Recipe – Char Siu Pork Fillet

Barbecued Char Siu is one of the great recipes of Cantonese cuisine. Char Siu means ‘fork roasted’. Char Siu is sometimes referred to as Chinese BBQ Pork. Traditionally cuts of pork are roasted over a fire or in an oven on long forks. It’s a great way to liven up pork, especially fillet (also called tenderloin). Char Siu leftovers can be used in fried rice or other dishes.

This recipe creates Char Siu pork that is exactly like that from a takeaway. It is a very simple way to cook Pork on the barbecue. It relies more on the right ingredients than on complicated cooking, and a good quality piece of pork. I recommend leaving at least 24 hours for the pork to marinade, and the cook itself takes about 45 minutes.

You must be careful when using pork fillet to not let it dry out on the barbecue by overcooking it. You can use fattier cuts such as pork shoulder as an alternative.

The Recipe

Most of these ingredients are simple to find, or will be in the cupboard for anyone that cooks Chinese style food from time to time.

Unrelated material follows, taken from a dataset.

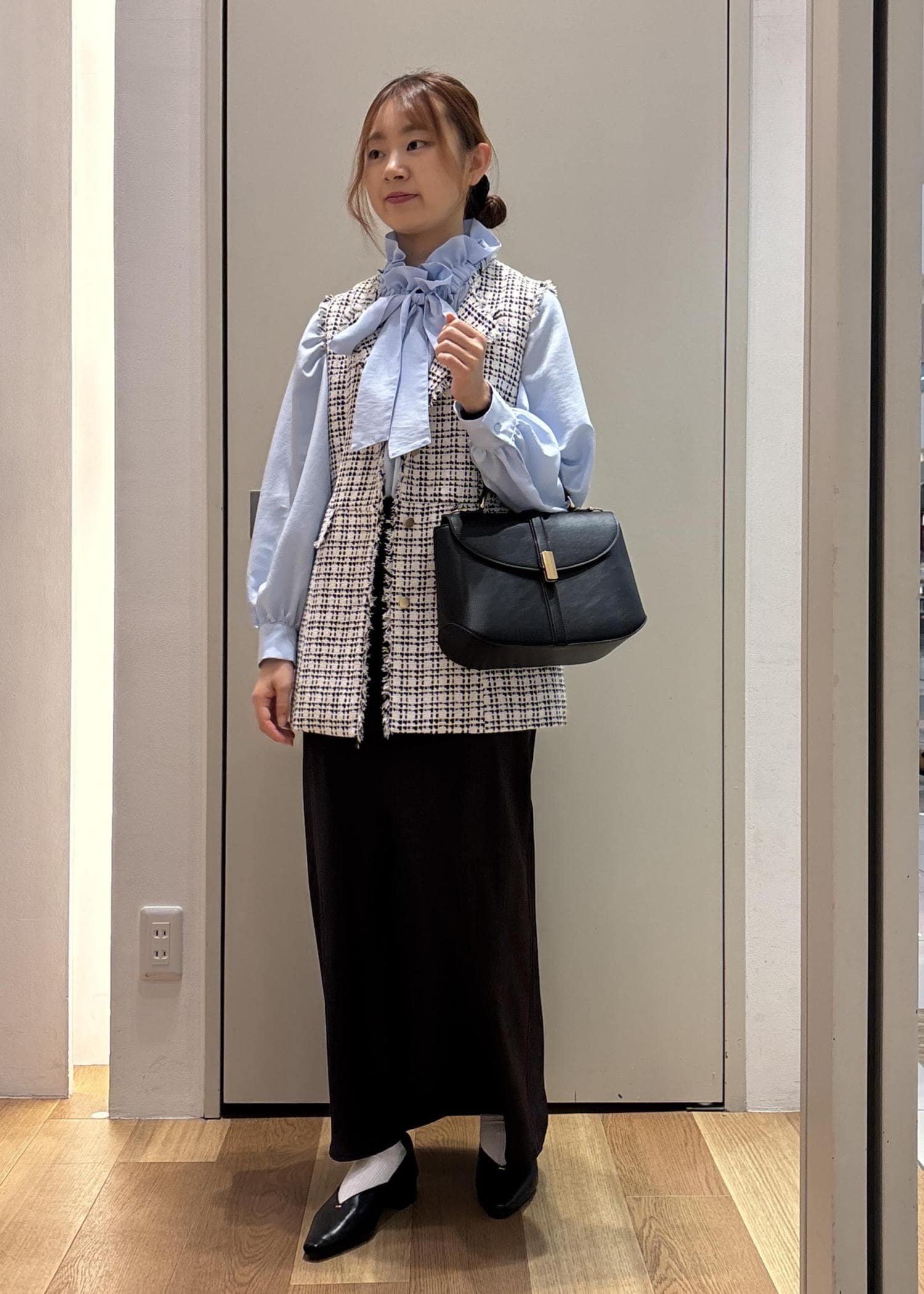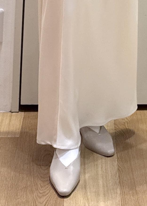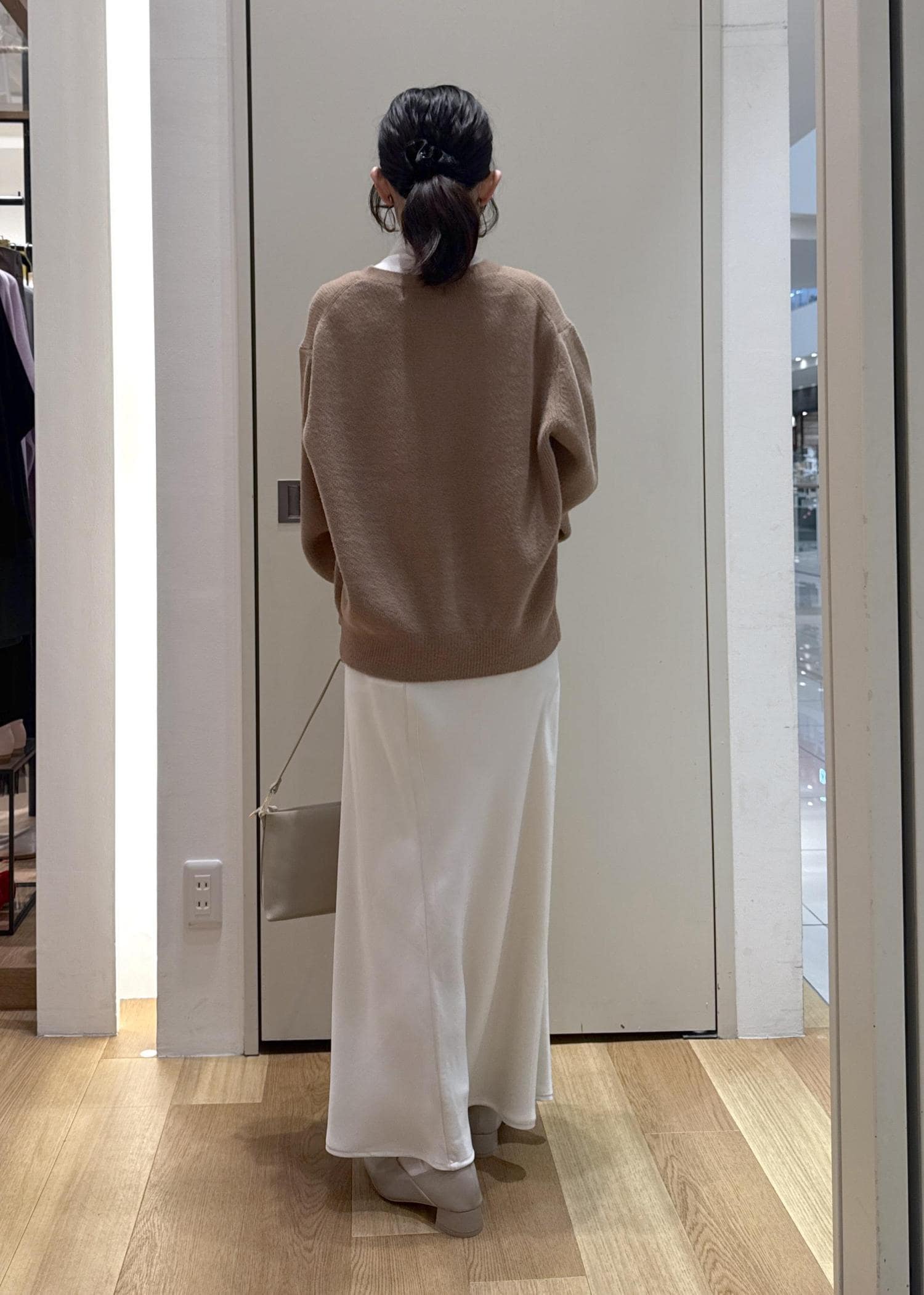 春見えするようなフェミニンコーデに仕上げたかったので、シアータートルを重ねたり、色も他のアイテムは白や明るいベージュにまとめてみました◎

I have elected to use red food colouring – usually something I’m against. I prefer to let the natural colours of the ingredients come through. Here there isn’t much difference in colour and it closely replicates the classic takeaway. Some recipes suggest red bean curd as an alternative.


  • Marinade
  • Mix all of the ingredients together and stir well to combine.
  • Add the marinade to a bowl and add the pork fillet.
  • Let the pork marinade for a minimum of 24 hours, turning occasionally to make sure the pork is equally covered.
  • Pork
  • Remove the Pork from the marinade and place on the barbecue.
  • Add the remaining marinade into a saucepan, and reduce until it is very thick.
  • Brush the Pork with the marinade from time to time as it cooks.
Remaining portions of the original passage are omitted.